O quão ruim seria ser vítima do próprio subconsciente encarnado?
— Como assim? — suspirou — O que eu quero? Ou… o que você quer? Você não disse que era eu?
— Sou! — o reflexo respondeu sem hesitar, as pupilas dilatadas — Sou você. Sou também a sua melhor parte… — fez uma pausa, deixando o silêncio apertar o ar, asfixia entorpecendo a mente e sua indagação — É que o pior de você é capaz de coisas que o seu “eu” que finge ser bom jamais conseguiria.
— Finge?
Engoliu seco… nada além de saliva.
— Vai fingir que não sabe disso?
O reflexo suspirou, quase com pena.
— Enfim… é por isso que você precisa de mim. Porque, sozinho, você só sobrevive… mas comigo, você vence.
Ele ergueu a mão, arranhou o próprio pescoço, deixando uma marca, e então a olhou, suspirando…
— Eu sou o íntimo do seu Eco — a voz veio mais grave, mais lenta, como se cada palavra fosse pesada demais para atravessar o ar depressa, uma bala em câmera lenta, diferente das dezenas que o levaram ali — Sua vontade. Aquilo que está além da simples relação entre pensar e agir… sou a natureza que une mente e energia. O impulso bruto que o seu “bom senso” tenta acorrentar!
— Mas… o que você quer com isso?
— Ter controle! — a risada vinha em estalos, quebrada, falha… e, por isso mesmo, ainda mais perturbadora. O tipo de som capaz de arrancar alguém de qualquer sonho ou descanso — Ao contrário de você, eu não me satisfaço com a posição inferior. Aluno. Protegido. Pobre… O governo, nem mesmo a porcaria de um espírito protetor, muda o que eu sou! Independente! Sozinho!
Aluno? Conveniência.
Protegido? Sorte.
Pobre? Condição.
O quão relacionados estavam? Sua mente unia tudo em uma só palavra: fracasso.
— Oh… então você quer estar acima de mim?
— Exatamente… o homem sendo lobo do próprio homem. Mas aqui… eu serei o seu lobo… e também seu maior benfeitor. A mão que cuida… — levantou a palma aberta, como se oferecesse algo — e que mata! — fechou-a em punho com força.
— Que bizarro… — murmurou.
— O que?
— Minha própria energia me fazendo um contrato…
— É pegar ou largar! — Estalou os dedos; o som seco reverberou como um gatilho disparado — É o caminho mais fácil… Pense em um hack… na sua vida.

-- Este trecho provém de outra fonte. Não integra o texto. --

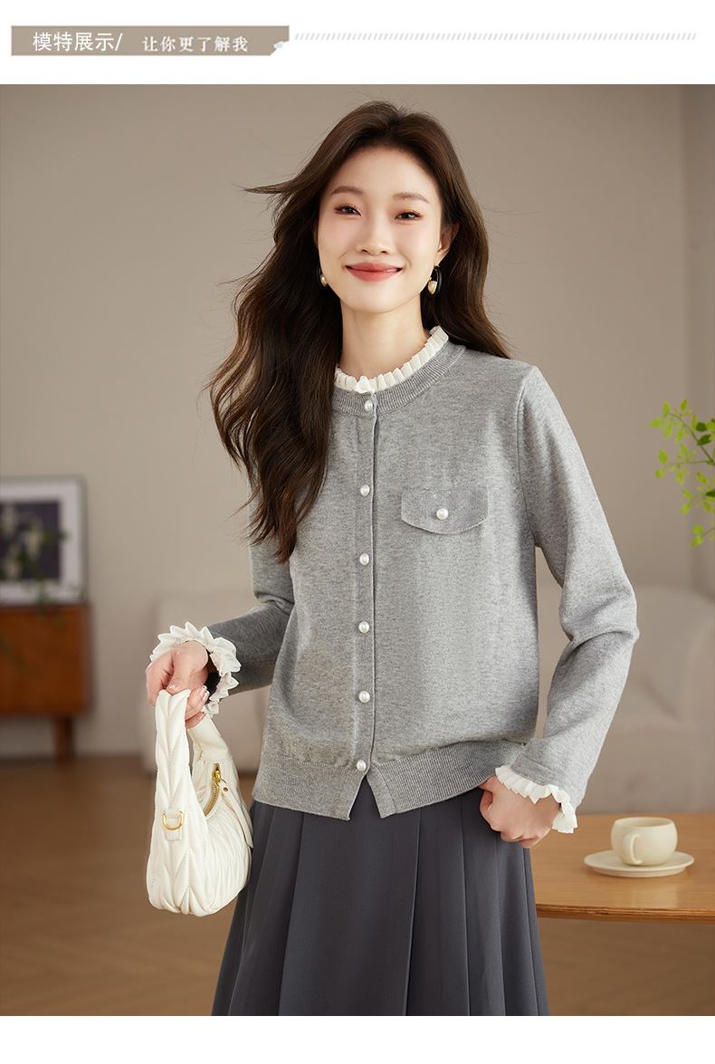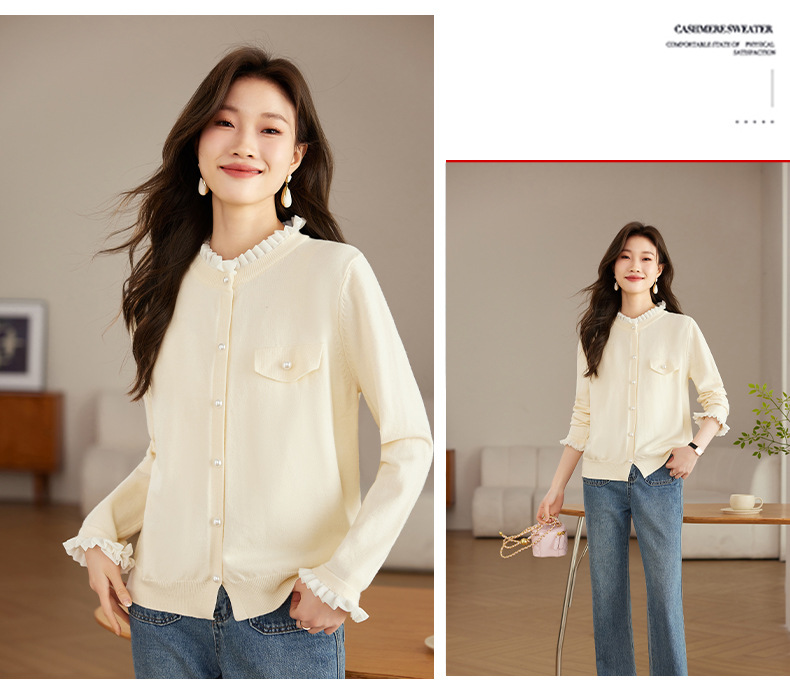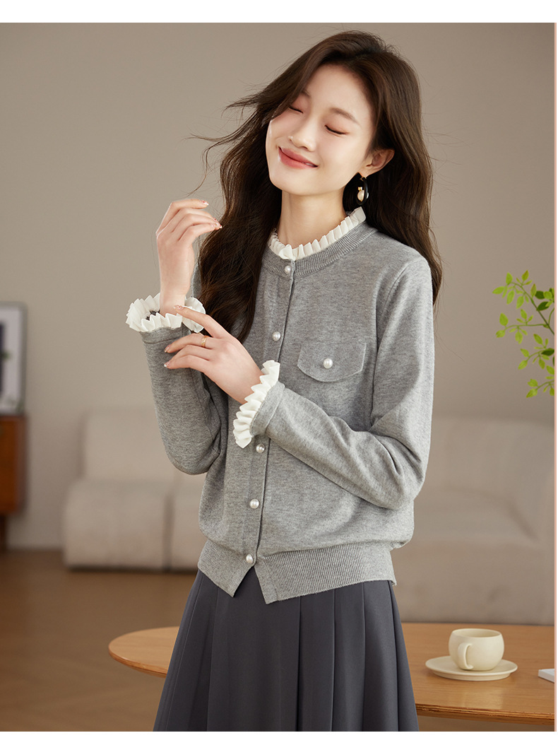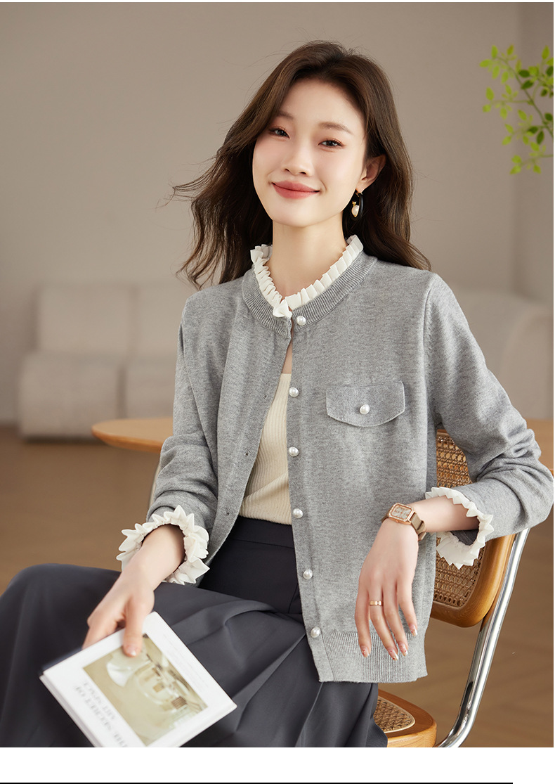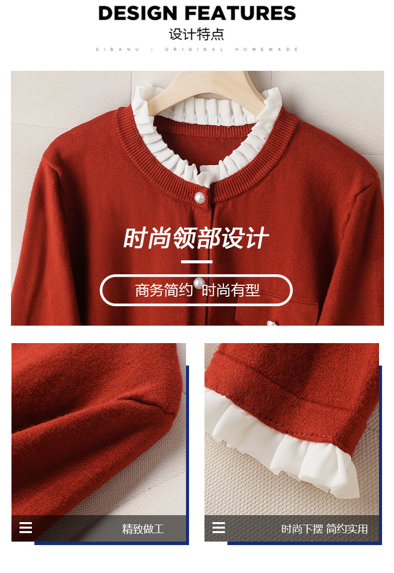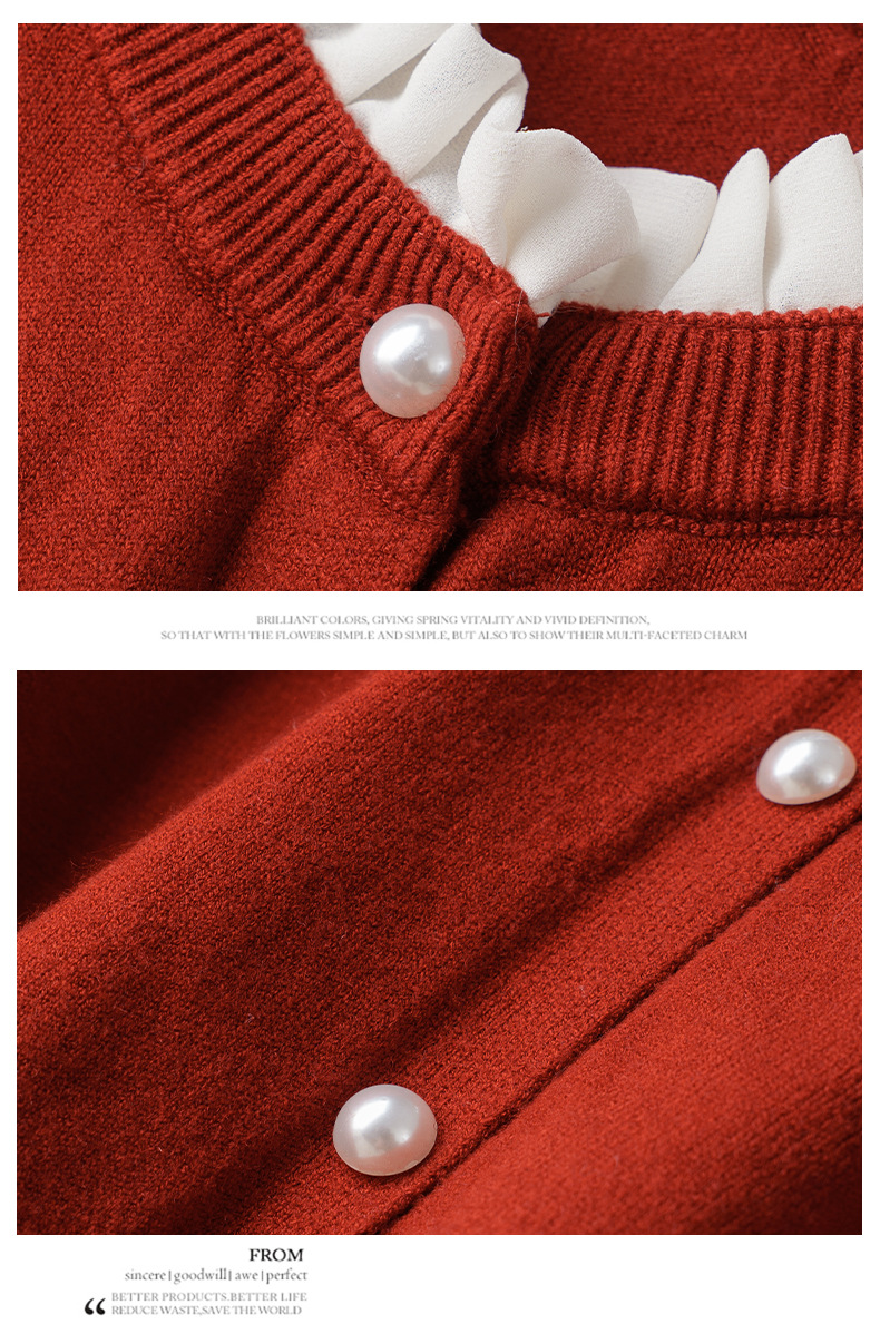 CC-J483木耳边针织开衫女短款外套春秋2024新款春季红色毛衣洋气早秋外搭

Ao menos uma vez… tente se dar bem!
Abriu um meio-sorriso.
— Não é como se o mundo jogasse limpo com você… então por que você deveria jogar?
Aquele sabor… já o havia sentido antes, mesmo que agora estivesse nos lábios de “outro”.
Nesse instante — um segundo apenas — ele jogou a cabeça para trás, bateu, mas não gemeu de dor. Um sorriso surgiu em resposta.
— Agora entendi quem é você…
— An?
— Você é… a parte minha que quer se dar bem em cima dos outros. É… já senti você antes… tantas vezes… um troco errado, um celular esquecido em cima do balcão… — abriu bem os lábios e, num estalo, fechou-os — Eu nego!